MultiBind targets a critical blind spot in evaluating multi-subject image generators: cross-subject attribute misbinding, where models assign jackets, smiles, or poses to the wrong person. The benchmark grounds each test case in a real photograph (508 instances, 2–4 human subjects each) and provides slot-ordered crops, masks, background references, and long entity-indexed prompts (~474 words). Its core technical idea is the delta-matrix evaluation: for each attribute dimension $d$, compute $\Delta^{(d)} = S_{\mathrm{gen}}^{(d)} - S_{\mathrm{gt}}^{(d)}$, subtracting ground-truth subject similarities from generated-to-ground-truth similarities to isolate generation-induced confusion from natural subject resemblance. This separates self-degradation (diagonal) from cross-subject interference (off-diagonal) and exposes interpretable failure modes—drift, swap, dominance, and blending—that holistic metrics like CLIP or FID miss.
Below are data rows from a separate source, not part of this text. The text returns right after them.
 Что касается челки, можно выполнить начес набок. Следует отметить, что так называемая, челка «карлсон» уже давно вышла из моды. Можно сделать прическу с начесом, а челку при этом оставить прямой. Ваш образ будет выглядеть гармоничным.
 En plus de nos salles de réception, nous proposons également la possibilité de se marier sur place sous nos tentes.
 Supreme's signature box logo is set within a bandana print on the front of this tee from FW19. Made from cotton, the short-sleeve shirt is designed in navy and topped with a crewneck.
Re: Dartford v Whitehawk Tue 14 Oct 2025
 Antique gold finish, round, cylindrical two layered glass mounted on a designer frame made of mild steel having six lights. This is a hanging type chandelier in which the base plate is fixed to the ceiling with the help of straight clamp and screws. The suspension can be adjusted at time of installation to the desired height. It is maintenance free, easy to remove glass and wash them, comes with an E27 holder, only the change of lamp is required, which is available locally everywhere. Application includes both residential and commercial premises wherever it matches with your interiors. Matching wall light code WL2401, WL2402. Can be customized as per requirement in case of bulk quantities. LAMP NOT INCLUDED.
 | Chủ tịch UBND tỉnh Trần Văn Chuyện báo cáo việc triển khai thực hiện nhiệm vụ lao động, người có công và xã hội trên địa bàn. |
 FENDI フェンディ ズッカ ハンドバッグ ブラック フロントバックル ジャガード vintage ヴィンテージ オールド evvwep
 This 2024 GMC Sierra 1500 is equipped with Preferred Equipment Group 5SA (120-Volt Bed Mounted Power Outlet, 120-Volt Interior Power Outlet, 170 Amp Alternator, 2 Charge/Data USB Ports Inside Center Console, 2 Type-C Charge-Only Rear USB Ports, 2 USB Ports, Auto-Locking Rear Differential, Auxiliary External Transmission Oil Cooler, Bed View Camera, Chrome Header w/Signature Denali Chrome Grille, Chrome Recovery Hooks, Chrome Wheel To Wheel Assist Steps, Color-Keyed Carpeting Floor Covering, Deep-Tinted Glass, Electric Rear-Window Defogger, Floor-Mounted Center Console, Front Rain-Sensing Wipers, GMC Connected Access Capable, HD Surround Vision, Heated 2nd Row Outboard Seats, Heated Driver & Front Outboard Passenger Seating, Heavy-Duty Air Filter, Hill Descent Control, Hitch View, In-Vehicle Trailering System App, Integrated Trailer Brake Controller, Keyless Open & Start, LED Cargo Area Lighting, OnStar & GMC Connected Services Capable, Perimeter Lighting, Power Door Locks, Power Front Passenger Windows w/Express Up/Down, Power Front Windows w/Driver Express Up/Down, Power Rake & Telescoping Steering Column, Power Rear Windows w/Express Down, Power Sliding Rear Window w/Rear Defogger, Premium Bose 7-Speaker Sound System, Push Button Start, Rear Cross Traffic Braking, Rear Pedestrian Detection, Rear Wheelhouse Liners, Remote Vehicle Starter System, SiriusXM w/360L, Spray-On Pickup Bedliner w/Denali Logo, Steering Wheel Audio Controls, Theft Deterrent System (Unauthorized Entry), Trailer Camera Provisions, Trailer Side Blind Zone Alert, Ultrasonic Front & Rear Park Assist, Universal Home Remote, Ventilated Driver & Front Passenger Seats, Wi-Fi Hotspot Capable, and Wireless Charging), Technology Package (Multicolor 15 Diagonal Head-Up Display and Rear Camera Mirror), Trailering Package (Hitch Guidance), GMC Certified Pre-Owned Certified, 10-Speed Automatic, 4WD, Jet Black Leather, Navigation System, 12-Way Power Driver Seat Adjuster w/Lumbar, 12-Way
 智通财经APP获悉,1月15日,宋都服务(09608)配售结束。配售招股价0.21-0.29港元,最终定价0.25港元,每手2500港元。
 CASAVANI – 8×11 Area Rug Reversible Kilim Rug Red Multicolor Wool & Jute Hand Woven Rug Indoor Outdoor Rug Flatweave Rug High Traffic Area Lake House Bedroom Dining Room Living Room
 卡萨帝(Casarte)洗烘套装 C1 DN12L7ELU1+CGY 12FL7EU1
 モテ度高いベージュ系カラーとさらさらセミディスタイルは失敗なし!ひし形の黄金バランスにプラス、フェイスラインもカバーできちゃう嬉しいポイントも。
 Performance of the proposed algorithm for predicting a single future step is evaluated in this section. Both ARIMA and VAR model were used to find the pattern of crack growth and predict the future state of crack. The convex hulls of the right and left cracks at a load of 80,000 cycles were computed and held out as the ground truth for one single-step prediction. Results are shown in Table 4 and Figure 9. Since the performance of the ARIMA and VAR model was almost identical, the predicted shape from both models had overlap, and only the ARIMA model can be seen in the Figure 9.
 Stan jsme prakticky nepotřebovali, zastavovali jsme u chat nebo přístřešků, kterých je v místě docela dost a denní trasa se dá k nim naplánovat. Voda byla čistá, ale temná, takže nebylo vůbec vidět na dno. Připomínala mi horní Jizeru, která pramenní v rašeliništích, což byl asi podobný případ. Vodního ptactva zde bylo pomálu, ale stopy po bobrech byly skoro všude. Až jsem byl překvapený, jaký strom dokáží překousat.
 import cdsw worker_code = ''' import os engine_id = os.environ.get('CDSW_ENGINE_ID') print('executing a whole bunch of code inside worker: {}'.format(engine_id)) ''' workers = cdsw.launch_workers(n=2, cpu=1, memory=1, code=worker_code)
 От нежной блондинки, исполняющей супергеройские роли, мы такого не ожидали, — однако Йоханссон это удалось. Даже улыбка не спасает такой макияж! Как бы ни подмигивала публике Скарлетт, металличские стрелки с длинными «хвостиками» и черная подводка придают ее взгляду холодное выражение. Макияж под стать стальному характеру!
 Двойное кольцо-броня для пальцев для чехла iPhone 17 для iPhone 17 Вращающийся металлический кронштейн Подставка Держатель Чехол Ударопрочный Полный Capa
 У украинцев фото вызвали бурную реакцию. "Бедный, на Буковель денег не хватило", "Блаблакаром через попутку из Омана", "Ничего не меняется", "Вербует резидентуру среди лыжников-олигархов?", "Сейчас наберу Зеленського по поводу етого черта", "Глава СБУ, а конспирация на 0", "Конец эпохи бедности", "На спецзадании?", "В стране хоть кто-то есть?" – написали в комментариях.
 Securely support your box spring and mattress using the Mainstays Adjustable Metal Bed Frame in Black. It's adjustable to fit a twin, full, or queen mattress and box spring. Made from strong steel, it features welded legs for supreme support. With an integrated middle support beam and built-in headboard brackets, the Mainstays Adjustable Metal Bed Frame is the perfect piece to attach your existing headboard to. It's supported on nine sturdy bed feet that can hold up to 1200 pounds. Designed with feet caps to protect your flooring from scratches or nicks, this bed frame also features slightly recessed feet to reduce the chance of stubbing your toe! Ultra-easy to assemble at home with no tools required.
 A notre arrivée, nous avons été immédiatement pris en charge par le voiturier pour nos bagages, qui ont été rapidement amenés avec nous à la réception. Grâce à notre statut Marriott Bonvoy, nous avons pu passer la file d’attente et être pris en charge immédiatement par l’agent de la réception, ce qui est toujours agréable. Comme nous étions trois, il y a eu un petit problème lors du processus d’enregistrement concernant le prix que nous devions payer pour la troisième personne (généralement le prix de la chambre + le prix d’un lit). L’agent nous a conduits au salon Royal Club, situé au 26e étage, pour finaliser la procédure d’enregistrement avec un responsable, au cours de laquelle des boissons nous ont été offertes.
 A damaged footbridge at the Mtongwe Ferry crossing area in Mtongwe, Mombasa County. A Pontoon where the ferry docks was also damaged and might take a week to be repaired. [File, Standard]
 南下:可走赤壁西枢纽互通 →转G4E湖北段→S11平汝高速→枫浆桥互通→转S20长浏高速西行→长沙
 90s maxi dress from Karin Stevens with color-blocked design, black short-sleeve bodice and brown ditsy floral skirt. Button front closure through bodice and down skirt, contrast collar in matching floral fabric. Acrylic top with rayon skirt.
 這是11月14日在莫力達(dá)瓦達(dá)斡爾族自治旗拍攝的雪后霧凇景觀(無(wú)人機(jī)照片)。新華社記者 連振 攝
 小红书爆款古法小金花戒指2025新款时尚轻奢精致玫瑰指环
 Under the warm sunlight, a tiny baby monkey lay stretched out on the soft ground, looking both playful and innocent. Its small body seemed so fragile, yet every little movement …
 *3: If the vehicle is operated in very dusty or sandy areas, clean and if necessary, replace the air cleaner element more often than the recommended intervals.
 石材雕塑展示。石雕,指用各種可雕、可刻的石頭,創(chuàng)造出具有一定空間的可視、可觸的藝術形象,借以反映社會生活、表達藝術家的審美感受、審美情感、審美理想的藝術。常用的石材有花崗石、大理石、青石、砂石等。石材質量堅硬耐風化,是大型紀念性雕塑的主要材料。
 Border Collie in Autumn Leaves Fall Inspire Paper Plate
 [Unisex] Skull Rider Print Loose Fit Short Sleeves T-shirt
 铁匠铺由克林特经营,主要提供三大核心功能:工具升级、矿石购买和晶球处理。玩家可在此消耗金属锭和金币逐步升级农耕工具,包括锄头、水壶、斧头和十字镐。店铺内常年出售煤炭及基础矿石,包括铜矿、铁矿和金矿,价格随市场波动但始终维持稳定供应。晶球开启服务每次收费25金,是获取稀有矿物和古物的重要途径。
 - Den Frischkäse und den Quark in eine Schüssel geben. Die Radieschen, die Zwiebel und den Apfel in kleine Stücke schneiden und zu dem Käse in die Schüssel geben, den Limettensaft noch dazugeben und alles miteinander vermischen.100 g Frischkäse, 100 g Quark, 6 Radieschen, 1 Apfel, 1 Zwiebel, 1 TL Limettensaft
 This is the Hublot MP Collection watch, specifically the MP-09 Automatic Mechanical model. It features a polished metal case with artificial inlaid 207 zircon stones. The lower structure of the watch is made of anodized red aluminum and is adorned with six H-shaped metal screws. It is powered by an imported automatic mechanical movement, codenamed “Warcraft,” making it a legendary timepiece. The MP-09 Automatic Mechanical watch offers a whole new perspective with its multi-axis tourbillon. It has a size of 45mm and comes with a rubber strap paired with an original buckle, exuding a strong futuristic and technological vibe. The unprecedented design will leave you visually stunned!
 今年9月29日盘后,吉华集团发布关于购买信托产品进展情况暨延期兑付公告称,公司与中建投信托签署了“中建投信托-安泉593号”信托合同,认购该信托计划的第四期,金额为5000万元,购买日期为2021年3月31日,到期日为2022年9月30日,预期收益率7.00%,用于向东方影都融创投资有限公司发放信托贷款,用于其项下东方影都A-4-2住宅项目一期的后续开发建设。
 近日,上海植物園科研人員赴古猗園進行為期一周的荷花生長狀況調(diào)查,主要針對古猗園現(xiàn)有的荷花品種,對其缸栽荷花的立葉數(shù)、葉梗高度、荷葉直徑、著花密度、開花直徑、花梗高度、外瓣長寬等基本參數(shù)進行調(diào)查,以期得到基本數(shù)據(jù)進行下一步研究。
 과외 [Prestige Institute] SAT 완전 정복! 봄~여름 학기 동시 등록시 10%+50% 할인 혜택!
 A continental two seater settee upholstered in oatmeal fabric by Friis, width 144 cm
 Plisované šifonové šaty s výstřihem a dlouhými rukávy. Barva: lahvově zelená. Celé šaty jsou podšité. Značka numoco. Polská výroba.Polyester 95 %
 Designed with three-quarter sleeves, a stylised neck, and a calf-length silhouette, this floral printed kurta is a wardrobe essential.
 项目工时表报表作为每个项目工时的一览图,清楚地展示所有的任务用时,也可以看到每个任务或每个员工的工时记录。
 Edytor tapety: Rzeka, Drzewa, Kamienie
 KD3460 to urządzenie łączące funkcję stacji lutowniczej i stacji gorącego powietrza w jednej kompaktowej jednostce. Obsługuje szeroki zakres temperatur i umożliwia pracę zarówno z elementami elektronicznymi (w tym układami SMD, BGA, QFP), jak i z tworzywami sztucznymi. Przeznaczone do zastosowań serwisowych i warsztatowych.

This paper challenges the monolithic paradigm in pose-free feed-forward 3D Gaussian Splatting (3DGS), where a single network jointly estimates camera poses and synthesizes Gaussians. The authors propose 2Xplat, a modular two-expert framework that decouples geometry estimation (using Depth Anything 3) from appearance synthesis (using Multi-view Pyramid Transformer) via an explicit pose interface. The core claim is that separating these concerns enables superior training efficiency (<5K iterations) and novel-view synthesis quality competitive with posed methods, challenging the assumption that unified architectures are optimal.
Multi-Object Tracking (MOT) models often degrade during inference due to distribution shifts between training and test data. This paper proposes TCEI (Test-time Calibration from Experience and Intuition), a cognitive-inspired framework that uses transient memory for short-term guidance and accumulated experience for long-term calibration. Unlike traditional TTA methods that require backpropagation, TCEI operates entirely via forward propagation, adapting identity predictions in real-time without additional training.